Given a $n$x$n$ distance matrix of some undirected weighted tree graph, is it possible to infer the underlying tree and its edge weights?

For example, suppose we are given the following distance matrix \begin{pmatrix} 0 & 1 & 4 & 5 & 6 \\ 1 & 0 & 3 & 4 & 5 \\ 4 & 3 & 0 & 1 & 2 \\ 5 & 4 & 1 & 0 & 3 \\ 6 & 5 & 2 & 3 & 0 \end{pmatrix} Assuming strictly positive weights, we know that in each row every minimum corresponds to an edge and its weight, i.e. $1 \leftrightarrow 2$, $3\leftrightarrow 4$ and $3 \leftrightarrow 5$. From there, it's easy to determine that the underlying weighted adjacency graph is given by \begin{pmatrix} 0 & 1 & 0 & 0 & 0 \\ 1 & 0 & 3 & 0 & 0 \\ 0 & 3 & 0 & 1 & 2 \\ 0 & 0 & 1 & 0 & 0 \\ 0 & 0 & 2 & 0 & 0 \end{pmatrix} How to solve this problem in general for strictly positive weights?

  • $\begingroup$ This article may be useful : finmath.stanford.edu/~susan/papers/lap.pdf $\endgroup$
    – F. C.
    Feb 14, 2017 at 20:46
  • $\begingroup$ By general do you mean that the weights can be negative, or do you just want a procedure for a general tree with non negative weights? I couldn't solve the first one, but the second one is easy. $\endgroup$
    – Pushpendre
    Feb 14, 2017 at 22:09
  • $\begingroup$ I meant for strictly positive weigths. I edited the question to clarify this. However, the other problem is also an intersting one. $\endgroup$
    – MthQ
    Feb 15, 2017 at 14:19

1 Answer 1


The following greedy algorithm should reconstruct the tree corresponding to a given distance matrix $M$, assuming it exists.

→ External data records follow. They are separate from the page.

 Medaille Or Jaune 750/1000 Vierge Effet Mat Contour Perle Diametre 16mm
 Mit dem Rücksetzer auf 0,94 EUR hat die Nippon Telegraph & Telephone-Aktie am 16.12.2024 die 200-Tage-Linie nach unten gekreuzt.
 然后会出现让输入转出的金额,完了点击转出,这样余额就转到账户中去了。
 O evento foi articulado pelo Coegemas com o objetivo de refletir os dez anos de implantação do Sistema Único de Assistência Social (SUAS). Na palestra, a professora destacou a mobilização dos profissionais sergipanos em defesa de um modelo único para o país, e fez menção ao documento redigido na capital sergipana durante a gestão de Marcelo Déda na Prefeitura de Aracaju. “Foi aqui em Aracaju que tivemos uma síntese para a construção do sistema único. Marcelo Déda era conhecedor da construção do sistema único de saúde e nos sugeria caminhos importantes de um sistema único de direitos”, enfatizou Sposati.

Beforehand, one must show that $T$, if it exists, is unique, but unless you insist I will skip these details (informally, you can use induction on $n$: from a tree $T$ for $M$, remove a leaf $l$, use induction to get the unique tree for $M$ with the $l$ row/column removed, then show that there is only one unique place to plug back $l$).

Start with $F$ as the forest on $n$ vertices and no edge.

While $F$ is not a tree:

Choose $u$ and $v$ such that $u$ and $v$ are in two different connected components of $F$ and $M_{u, v}$ is minimum among all possible choices.

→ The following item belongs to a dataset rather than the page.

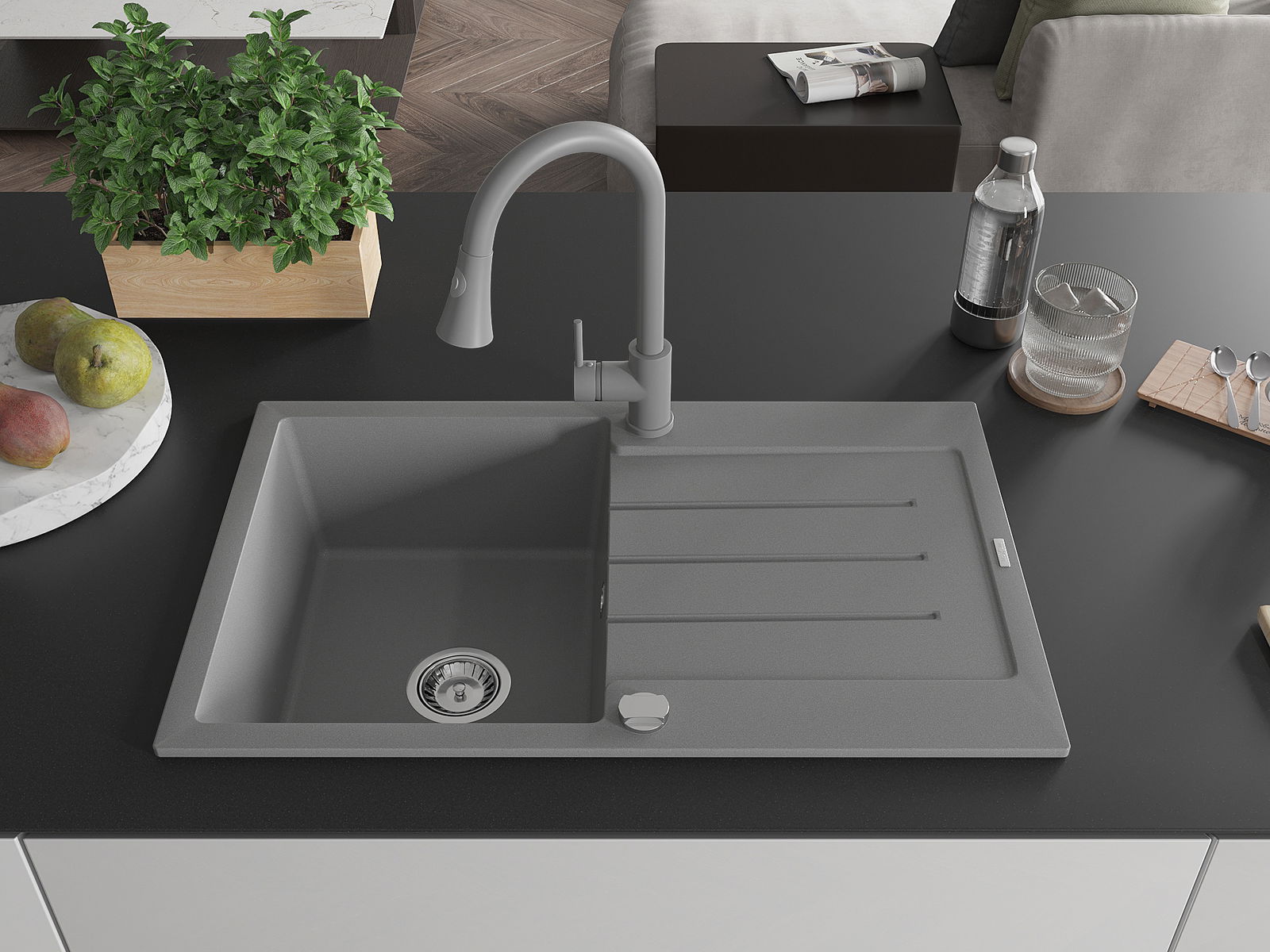 Mexen Bruno zlewozmywak granitowy 1-komorowy z ociekaczem i baterią kuchenną Elia, szary - 6513-71-670101-71

Add $uv$ to $F$ and set its weight to $M_{u, v}$

Suppose that we do not obtain a tree with distance matrix $M$ after running the algorithm, but that such a tree $T$ exists.

Let $uv$ be the first inserted (weighted) edge such that $uv$ does not belong to $T$ (observe that if $uv$ belongs to $T$, its weight must be correct). Let $F$ be the forest obtained from the algorithm before inserting $uv$, and for a vertex $x$, denote by $C(x)$ the connected component of $F$ containing $x$. Note that $C(u) \neq C(v)$.

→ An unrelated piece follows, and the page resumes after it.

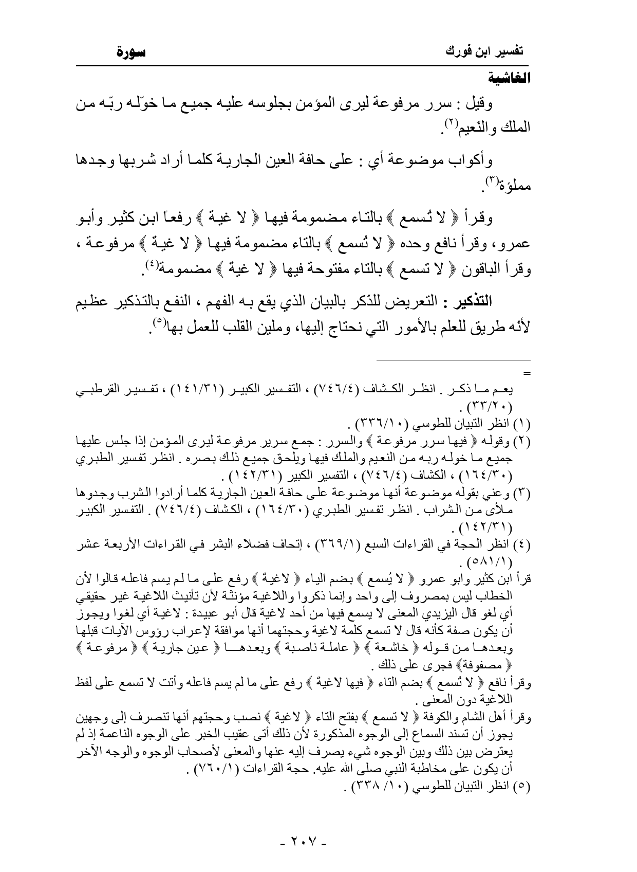 وقرأ {لَا تُسْمَعُ} بالتاء مضمومة فيها {لَاغِيَةً} رفعاً ابن كثير وأبو عمرو، وقرأ نافع وحده {لَا تُسْمَعُ} بالتاء مضمومة فيها {لَاغِيَةٌ} مضمومة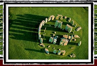 ...Stonehenge está compuesto por grandes bloques de piedra distribuidos en cuatro circunferencias concéntricas. La exterior, de treinta metros de diámetro, está formada por grandes piedras rectangulares de arenisca que, originalmente, estaban coronadas por dinteles, también de piedra, quedando hoy en día sólo siete en su sitio...

Now, let $z$ be the neighbour of $u$ on the path from $u$ to $v$ in $T$. We have $d(u, v) = d(u, z) + d(v, z)$, implying $d(v, z) < d(u, v)$ (assuming strictly positive weights). If $C(v) \neq C(z)$, the algorithm would have chosen the $vz$ edge instead of $uv$, so assume $C(v) = C(z)$. But then, $C(u) \neq C(z)$ and $d(u, z) < d(u, v)$, again contradicting the choice of the algorithm. Therefore the $uv$ edge is correct.

Of course, there is no guarantee that the algorithm reflects the distances of $M$, but if that's the case, it means that no tree exists for $M$.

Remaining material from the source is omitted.